- What you are asked to do: Data follows below. Repeat exactly the lines between the line holding "Судя п видео, женщина" and the line holding "Popoki bamboo twirl", inclusive, and nothing more; drop pictures.

- Source material:
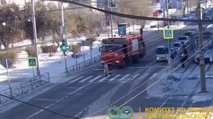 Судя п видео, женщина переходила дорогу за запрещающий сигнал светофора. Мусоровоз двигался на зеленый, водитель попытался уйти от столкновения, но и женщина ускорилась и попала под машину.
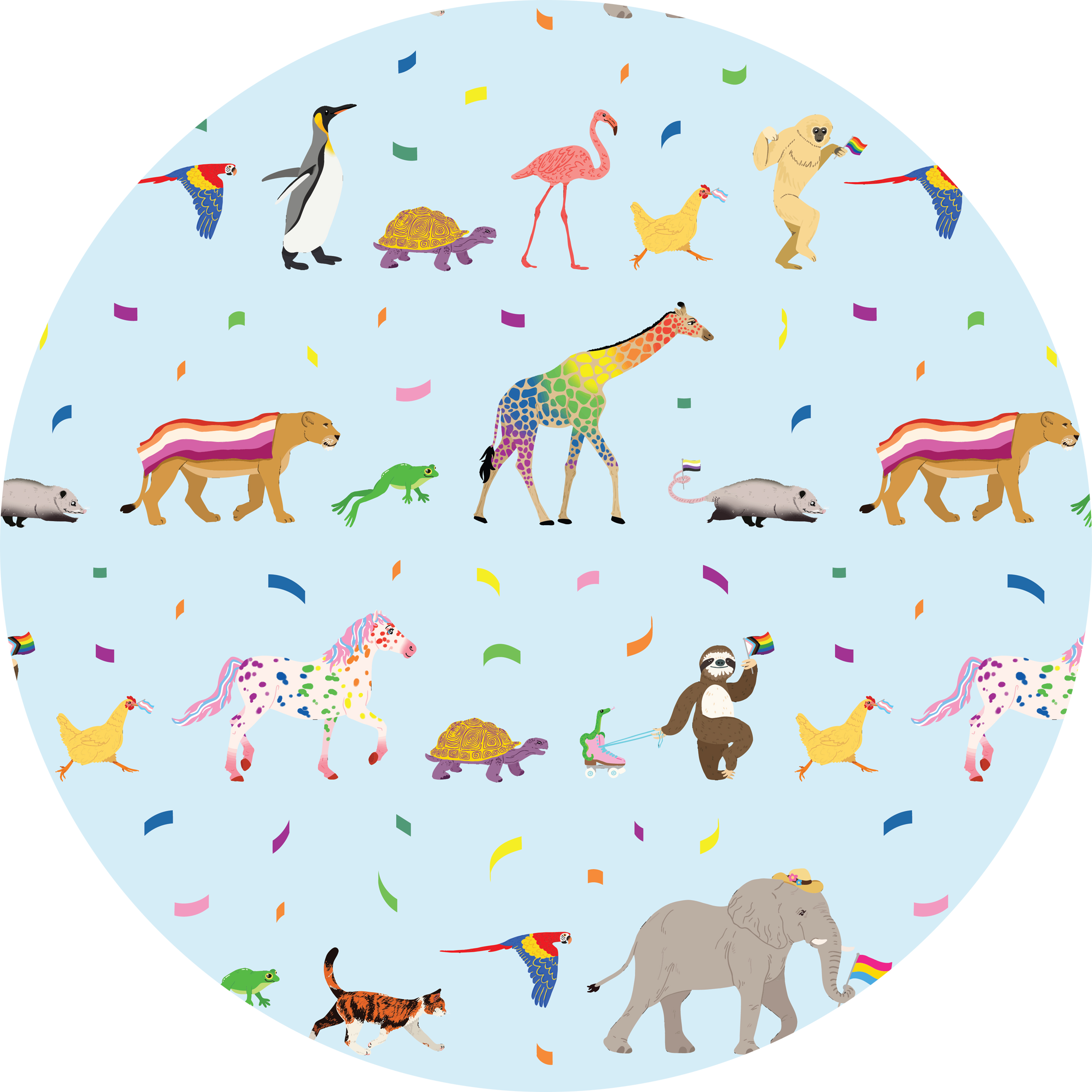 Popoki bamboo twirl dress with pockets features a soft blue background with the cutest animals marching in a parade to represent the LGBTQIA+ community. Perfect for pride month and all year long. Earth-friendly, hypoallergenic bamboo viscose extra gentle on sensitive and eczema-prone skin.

...

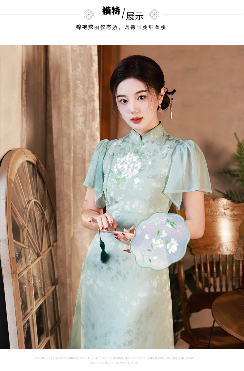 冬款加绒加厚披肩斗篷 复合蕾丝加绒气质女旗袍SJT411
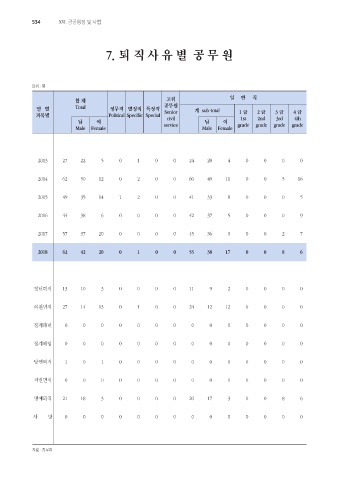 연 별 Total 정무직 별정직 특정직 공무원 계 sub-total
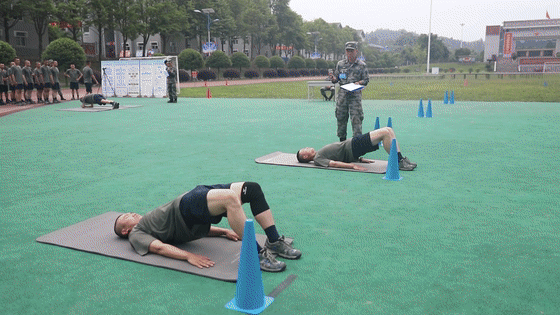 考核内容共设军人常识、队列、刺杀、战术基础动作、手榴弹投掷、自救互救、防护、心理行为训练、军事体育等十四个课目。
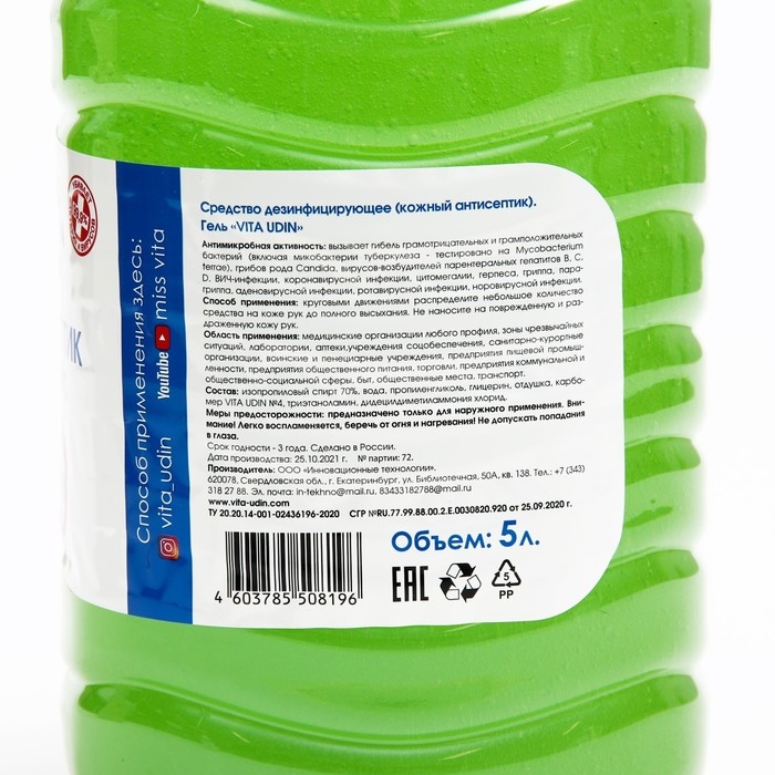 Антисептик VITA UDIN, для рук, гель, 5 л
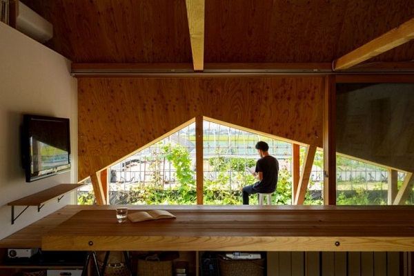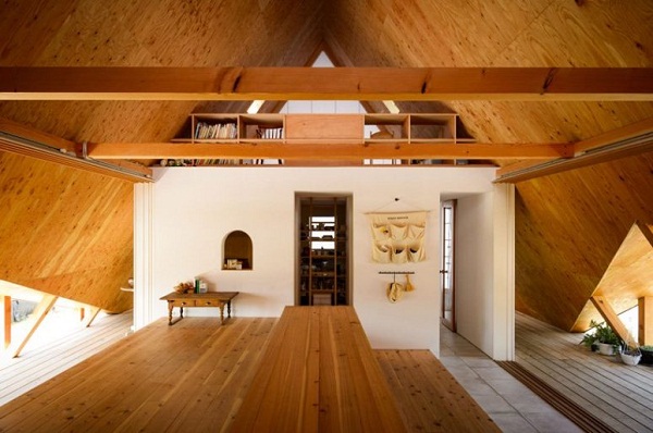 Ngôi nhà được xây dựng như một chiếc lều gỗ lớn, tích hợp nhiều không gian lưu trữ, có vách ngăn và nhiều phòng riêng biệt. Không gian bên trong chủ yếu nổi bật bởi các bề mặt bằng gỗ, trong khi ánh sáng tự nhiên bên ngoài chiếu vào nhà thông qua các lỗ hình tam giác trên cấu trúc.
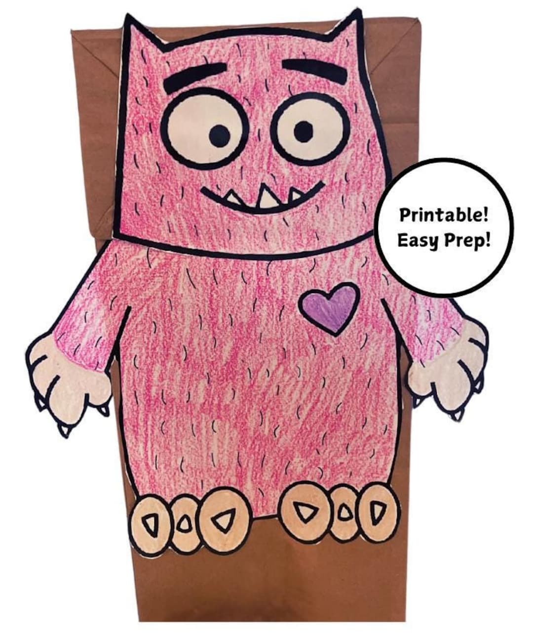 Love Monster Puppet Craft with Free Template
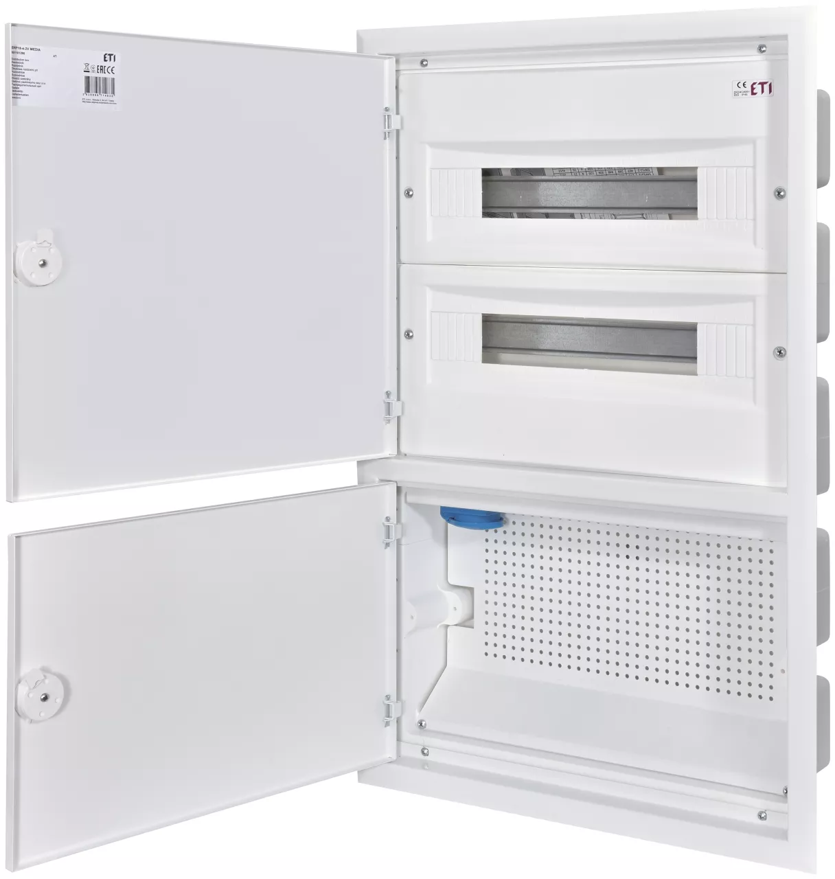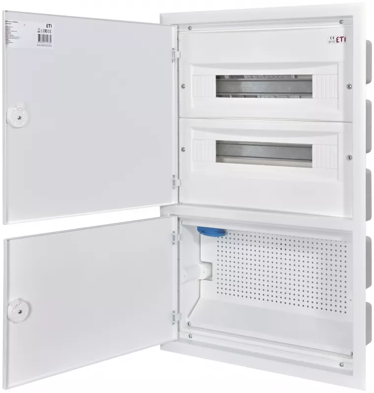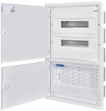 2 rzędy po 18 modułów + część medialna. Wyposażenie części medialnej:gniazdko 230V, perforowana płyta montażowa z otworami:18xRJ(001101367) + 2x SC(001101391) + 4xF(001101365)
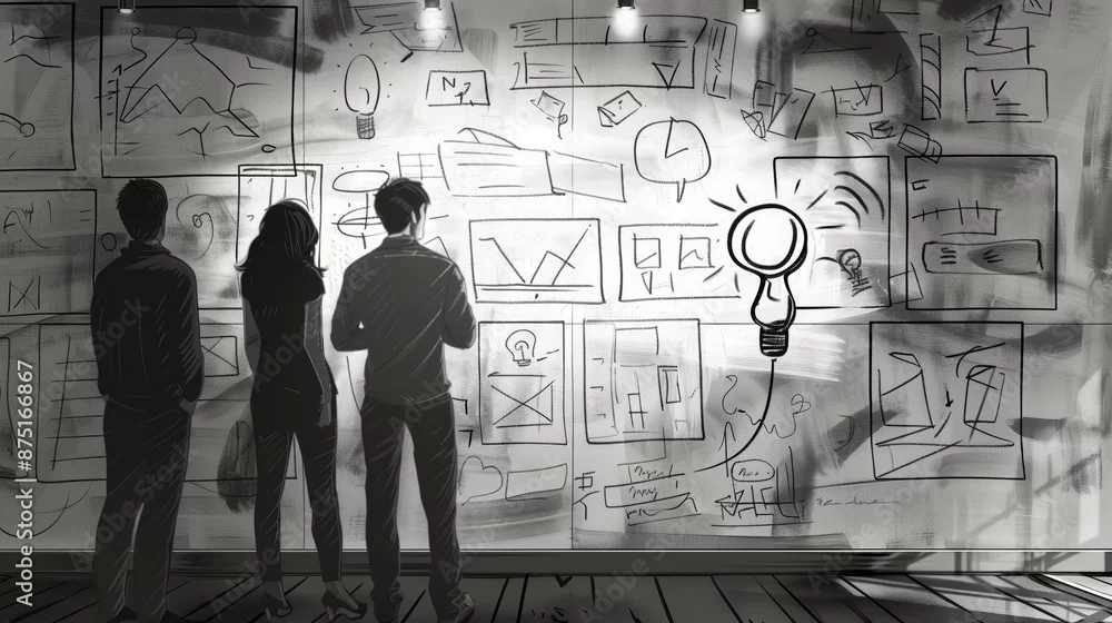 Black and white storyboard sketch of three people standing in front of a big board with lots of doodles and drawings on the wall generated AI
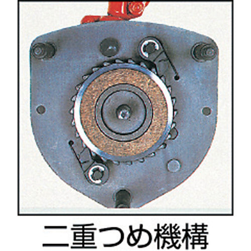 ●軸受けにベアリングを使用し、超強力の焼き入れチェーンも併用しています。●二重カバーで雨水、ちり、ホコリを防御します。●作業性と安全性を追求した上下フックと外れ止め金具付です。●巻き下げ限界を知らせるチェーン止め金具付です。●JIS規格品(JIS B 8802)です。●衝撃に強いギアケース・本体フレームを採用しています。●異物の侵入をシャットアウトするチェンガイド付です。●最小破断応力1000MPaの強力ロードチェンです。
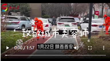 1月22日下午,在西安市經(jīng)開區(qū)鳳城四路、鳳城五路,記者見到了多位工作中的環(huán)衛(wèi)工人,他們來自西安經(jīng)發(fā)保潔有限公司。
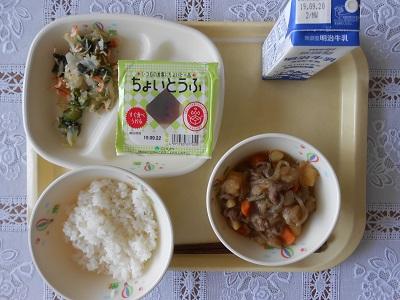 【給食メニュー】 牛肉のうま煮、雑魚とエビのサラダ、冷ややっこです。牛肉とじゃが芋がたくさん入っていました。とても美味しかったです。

* * *

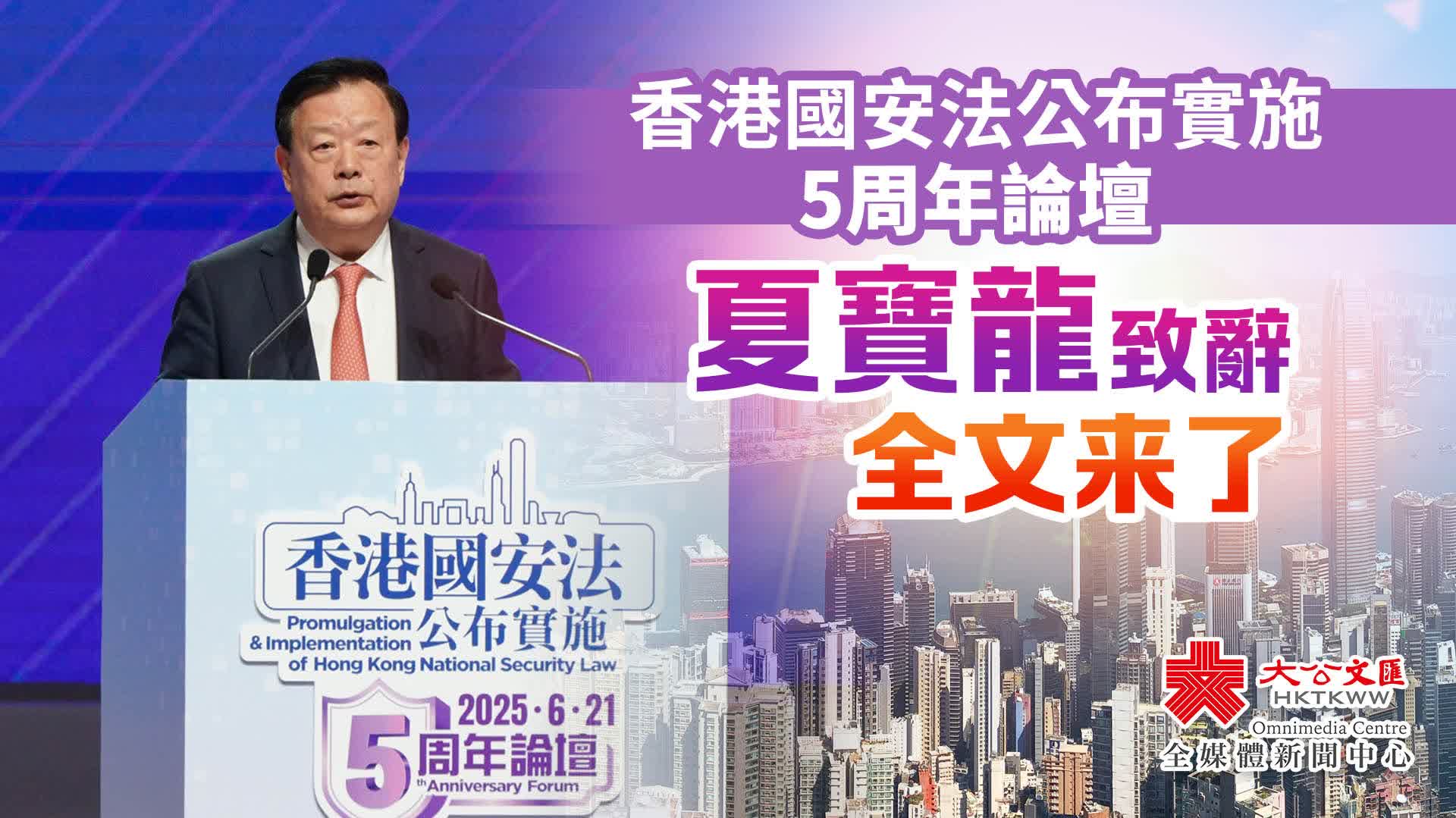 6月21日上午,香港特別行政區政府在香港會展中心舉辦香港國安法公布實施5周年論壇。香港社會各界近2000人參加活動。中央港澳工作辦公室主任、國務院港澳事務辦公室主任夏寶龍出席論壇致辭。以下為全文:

- Task answer:
 Судя п видео, женщина переходила дорогу за запрещающий сигнал светофора. Мусоровоз двигался на зеленый, водитель попытался уйти от столкновения, но и женщина ускорилась и попала под машину.
 Popoki bamboo twirl dress with pockets features a soft blue background with the cutest animals marching in a parade to represent the LGBTQIA+ community. Perfect for pride month and all year long. Earth-friendly, hypoallergenic bamboo viscose extra gentle on sensitive and eczema-prone skin.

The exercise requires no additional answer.